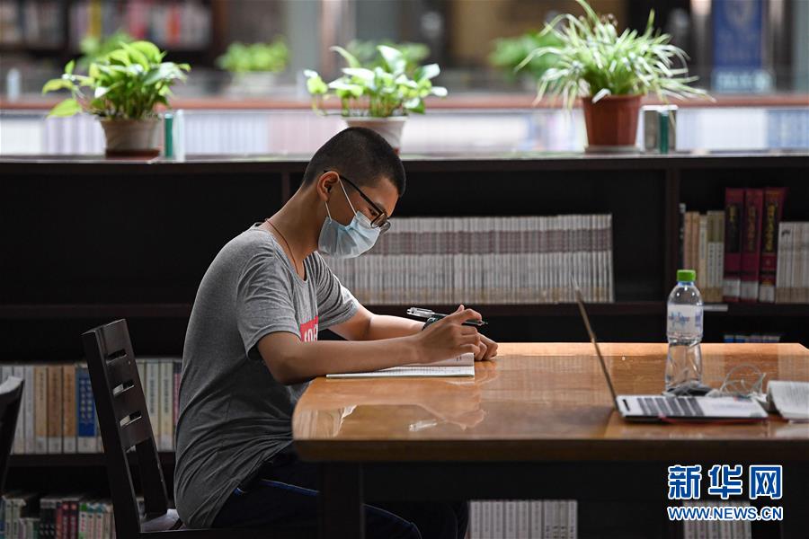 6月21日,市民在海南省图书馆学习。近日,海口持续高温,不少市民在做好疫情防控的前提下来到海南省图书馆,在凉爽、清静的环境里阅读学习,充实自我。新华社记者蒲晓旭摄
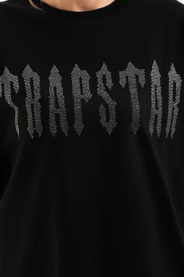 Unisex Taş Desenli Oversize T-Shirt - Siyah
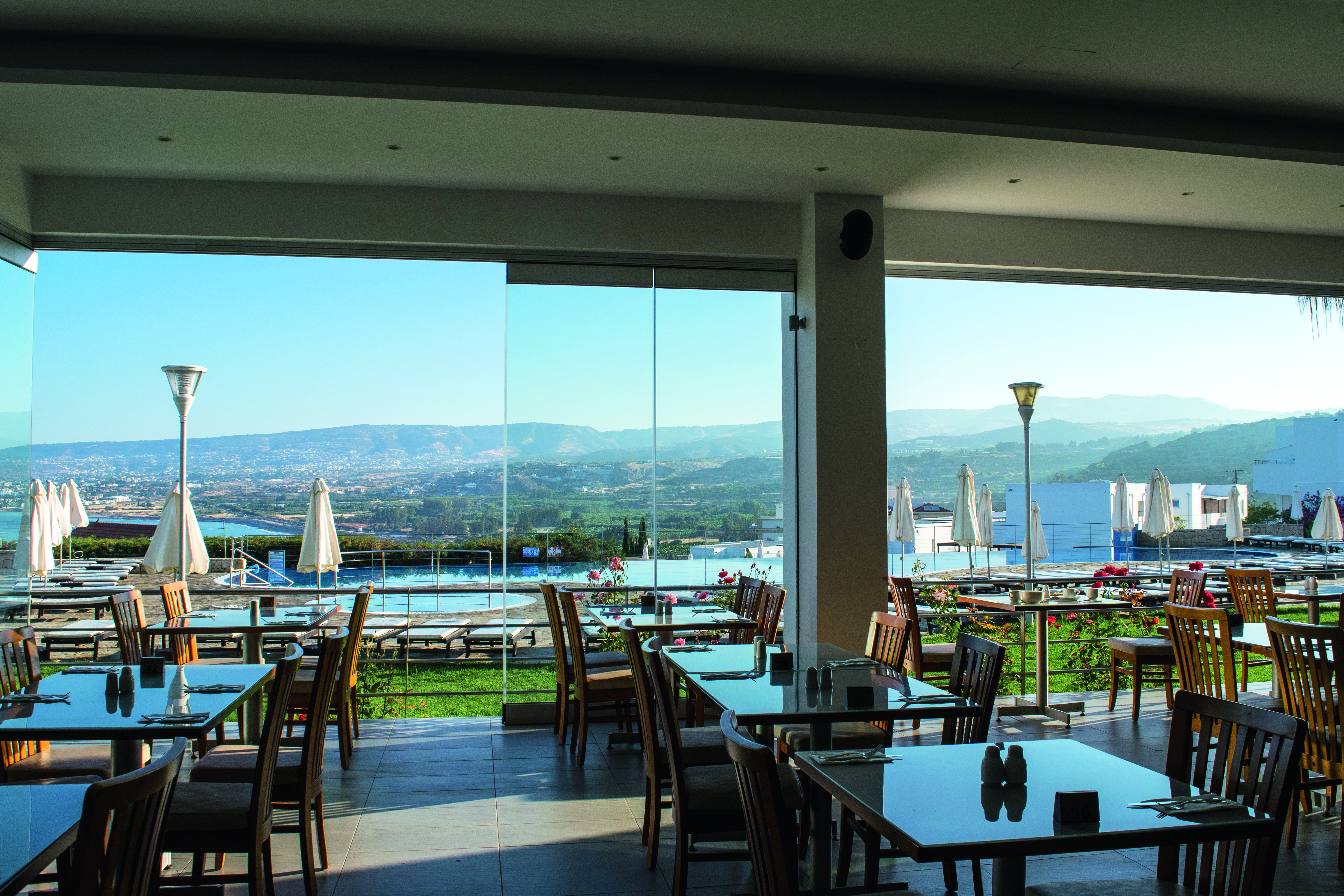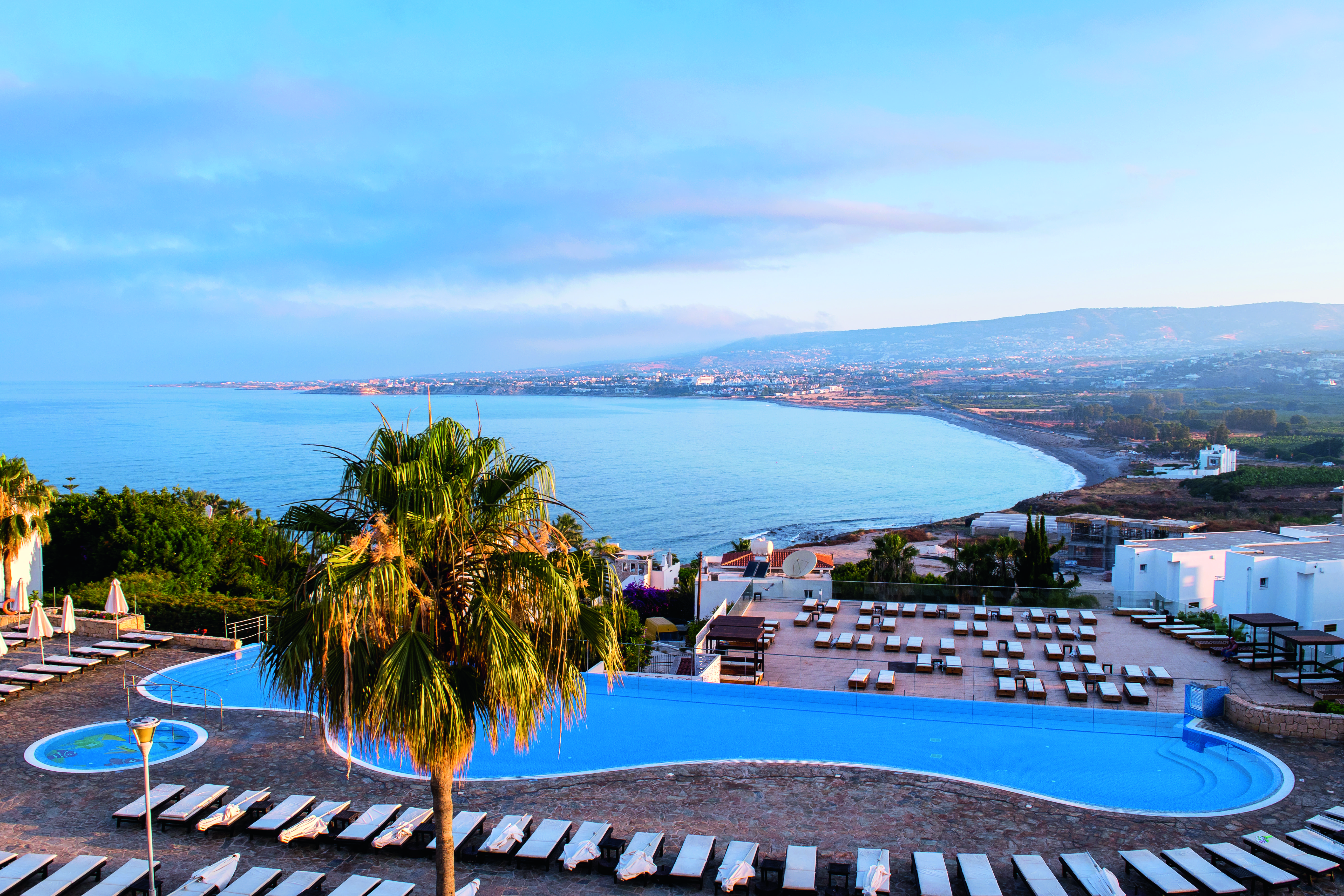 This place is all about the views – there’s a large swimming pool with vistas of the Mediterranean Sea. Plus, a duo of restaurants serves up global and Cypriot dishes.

...

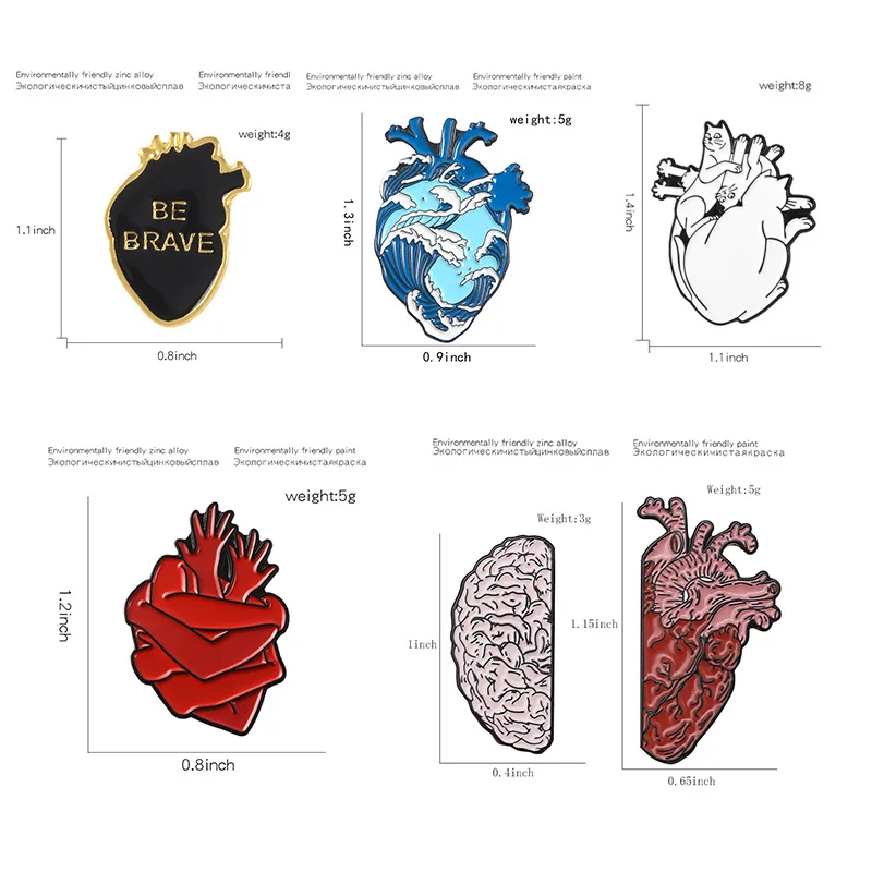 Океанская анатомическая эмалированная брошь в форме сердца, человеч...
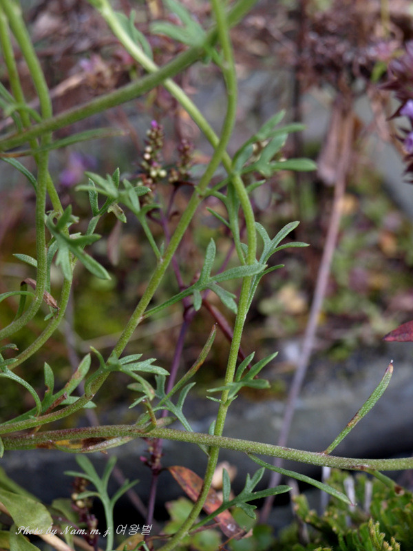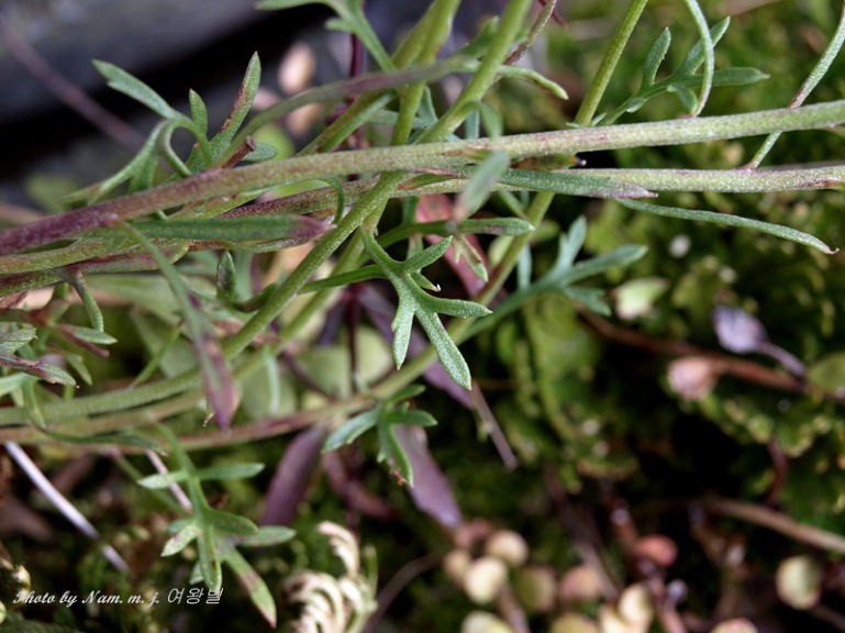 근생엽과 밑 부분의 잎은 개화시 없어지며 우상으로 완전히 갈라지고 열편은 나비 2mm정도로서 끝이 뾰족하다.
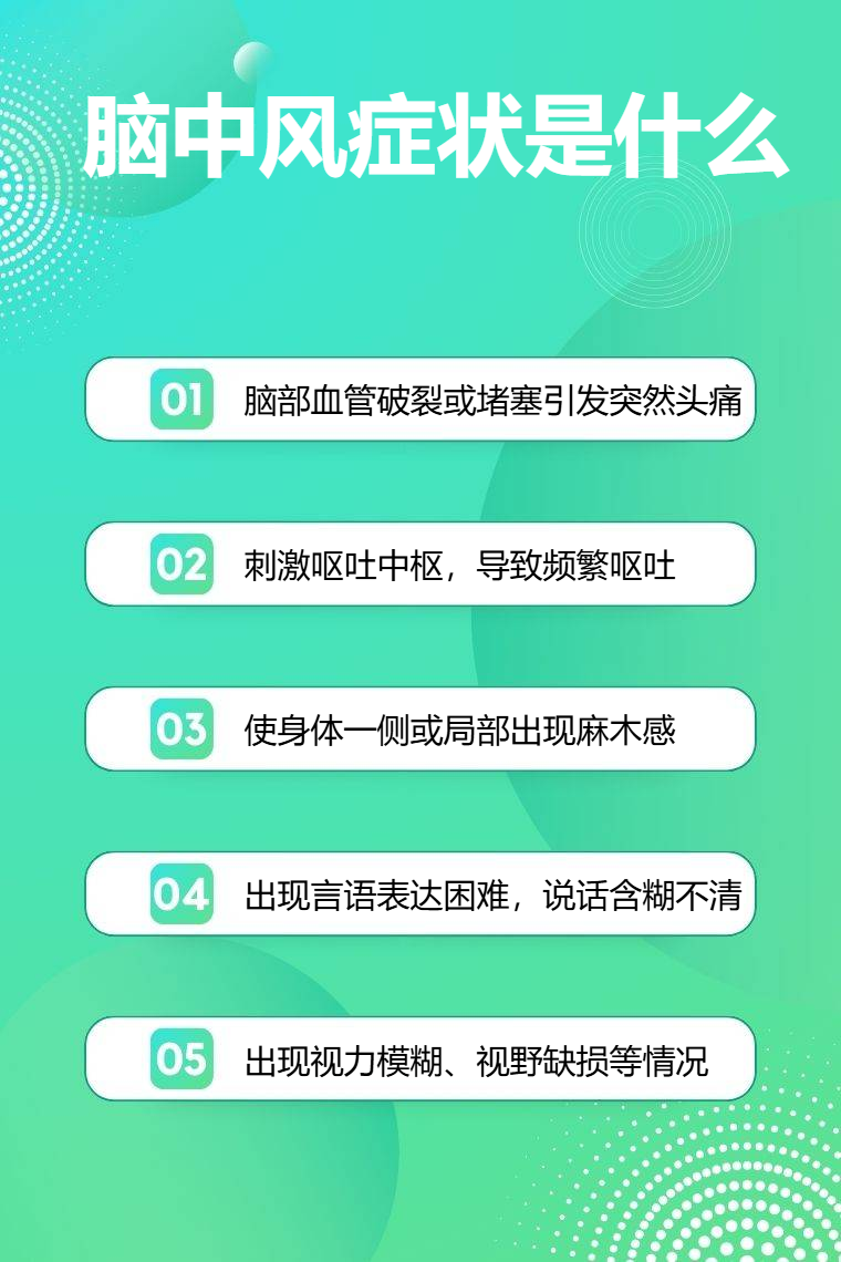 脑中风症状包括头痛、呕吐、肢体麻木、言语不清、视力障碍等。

#### [Your task]
Output exactly the lines above that lie between the line with "Океанская анатомическая эмалированная" and the line with "脑中风症状包括头痛、呕吐、肢体麻木、言语不清、视力障碍等。", those two lines included, and no pictures.

#### [Result]
 Океанская анатомическая эмалированная брошь в форме сердца, человеч...
 근생엽과 밑 부분의 잎은 개화시 없어지며 우상으로 완전히 갈라지고 열편은 나비 2mm정도로서 끝이 뾰족하다.
 脑中风症状包括头痛、呕吐、肢体麻木、言语不清、视力障碍等。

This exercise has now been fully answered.